_WHAT IS REQUIRED_: Each entry should be set down exactly as written, except for any picture it holds.

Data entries

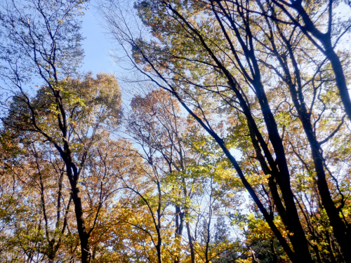 陽射しに輝く姿が美しかった淡く褐葉した木々の梢。同じ標高でも場所や地形の微妙な違いで紅葉の進行具合も変わるのでなんとも言えませんが、ミツモチ林道での紅葉度合いはやや低めだったです。
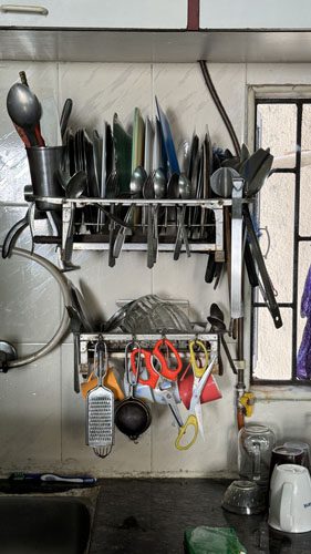 Inside the kitchen of a tiny Bandra apartment. The stove is stacked with steel-bhagonas of karela, dal and rice – one on top of the other, the only thing separating them is a steel plate. The shelf is designed to fit in everything the kitchen could hold.
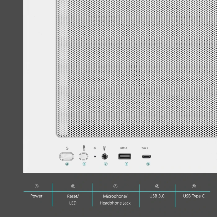 Rear: 1 x 120/140 mm Top: 3 x 120/2 x 140 mm Front: 2 x 120/140 mm Bottom: 3 x 120/2 x 140 mm |
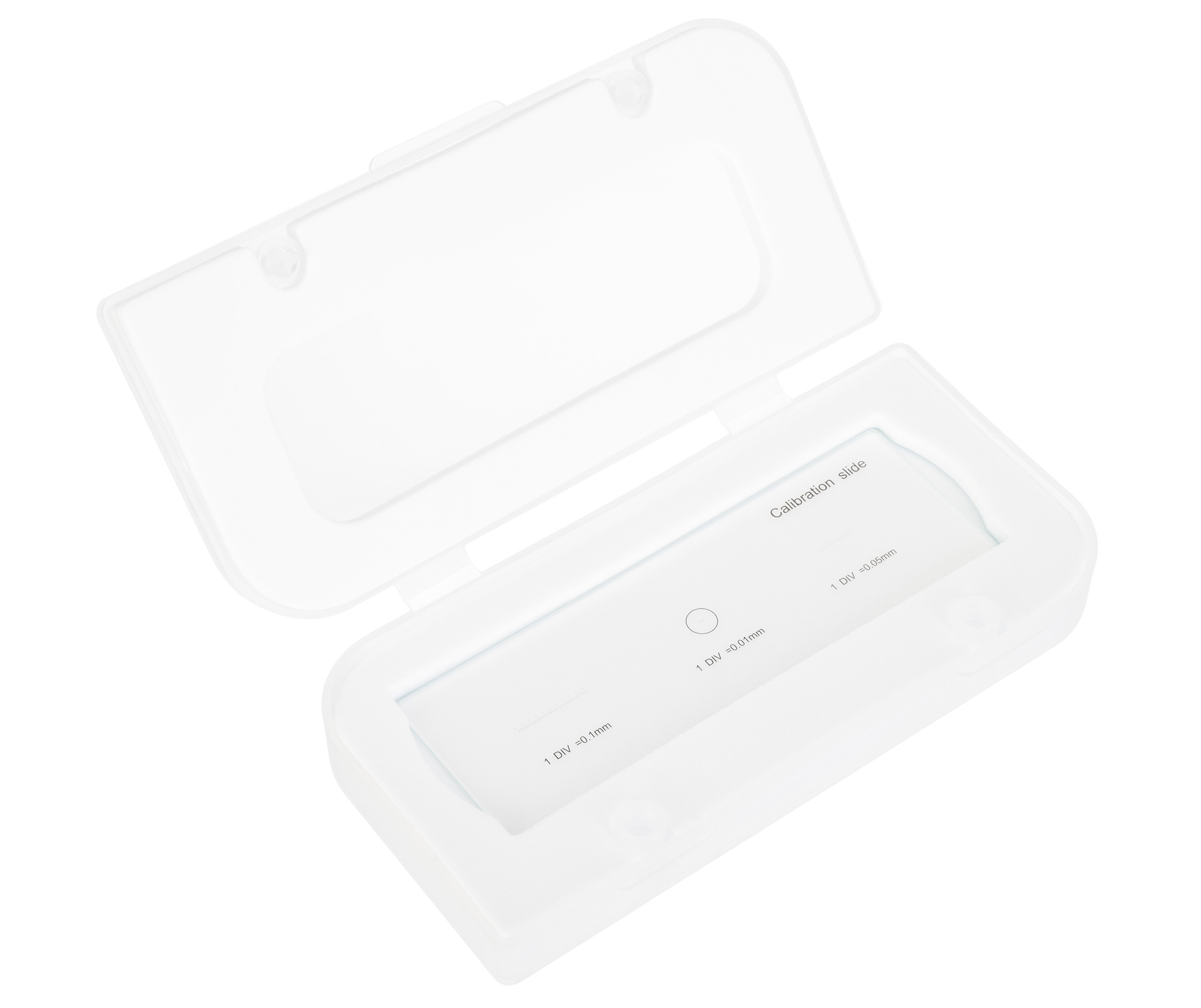 Na nastavenie programu na analýzu obrazu je potrebné kalibračné (mikrometrické) sklíčko. Používa sa na určenie korekčného faktora, ktorý umožňuje zvýšiť presnosť merania. Sklíčko Levenhuk 3 je vhodné pre mikroskopy akejkoľvek značky, je vyrobené z optického skla a má štandardné rozmery.
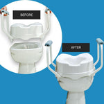 "Commode Raiser 6 Inch with Comfort and Stability 6-Inch Commode Raiser with Handle and Secure 4-Clip Attachments"
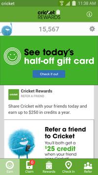 - Check In: Using your Cricket Rewards app you can earn even more by checking into local retailers, including Cricket and 1,000s of local Wi-Fi hotspot locations,
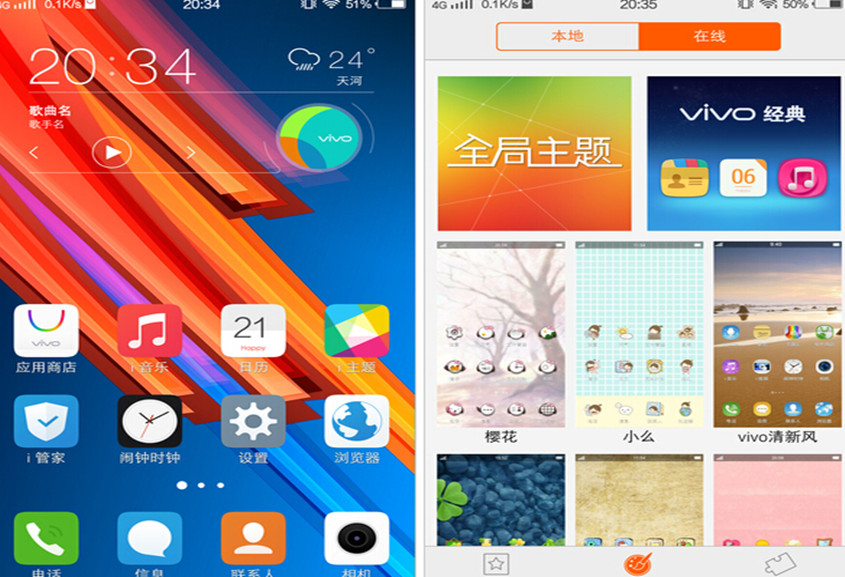 OPPO R7的屏幕材质为AMOLED,分辨率为1920×1080像素,像素密度为445ppi,画质细腻,色彩还原准确度比较高,可视角度接近180°,小角度观看没有出现偏色、发白的问题,屏幕偏向于暖色调,有一种发黄的感觉,没有冷色调屏幕那种冷艳感。OPPO R7采用的是基于Andriod 4.4的ColorOS 2.1系统,系统运行流畅,具备一定的动画效果,有很多特效提供给用户。

_YOUR RESPONSE_:
 陽射しに輝く姿が美しかった淡く褐葉した木々の梢。同じ標高でも場所や地形の微妙な違いで紅葉の進行具合も変わるのでなんとも言えませんが、ミツモチ林道での紅葉度合いはやや低めだったです。
 Inside the kitchen of a tiny Bandra apartment. The stove is stacked with steel-bhagonas of karela, dal and rice – one on top of the other, the only thing separating them is a steel plate. The shelf is designed to fit in everything the kitchen could hold.
 Rear: 1 x 120/140 mm Top: 3 x 120/2 x 140 mm Front: 2 x 120/140 mm Bottom: 3 x 120/2 x 140 mm |
 Na nastavenie programu na analýzu obrazu je potrebné kalibračné (mikrometrické) sklíčko. Používa sa na určenie korekčného faktora, ktorý umožňuje zvýšiť presnosť merania. Sklíčko Levenhuk 3 je vhodné pre mikroskopy akejkoľvek značky, je vyrobené z optického skla a má štandardné rozmery.
 "Commode Raiser 6 Inch with Comfort and Stability 6-Inch Commode Raiser with Handle and Secure 4-Clip Attachments"
 - Check In: Using your Cricket Rewards app you can earn even more by checking into local retailers, including Cricket and 1,000s of local Wi-Fi hotspot locations,
 OPPO R7的屏幕材质为AMOLED,分辨率为1920×1080像素,像素密度为445ppi,画质细腻,色彩还原准确度比较高,可视角度接近180°,小角度观看没有出现偏色、发白的问题,屏幕偏向于暖色调,有一种发黄的感觉,没有冷色调屏幕那种冷艳感。OPPO R7采用的是基于Andriod 4.4的ColorOS 2.1系统,系统运行流畅,具备一定的动画效果,有很多特效提供给用户。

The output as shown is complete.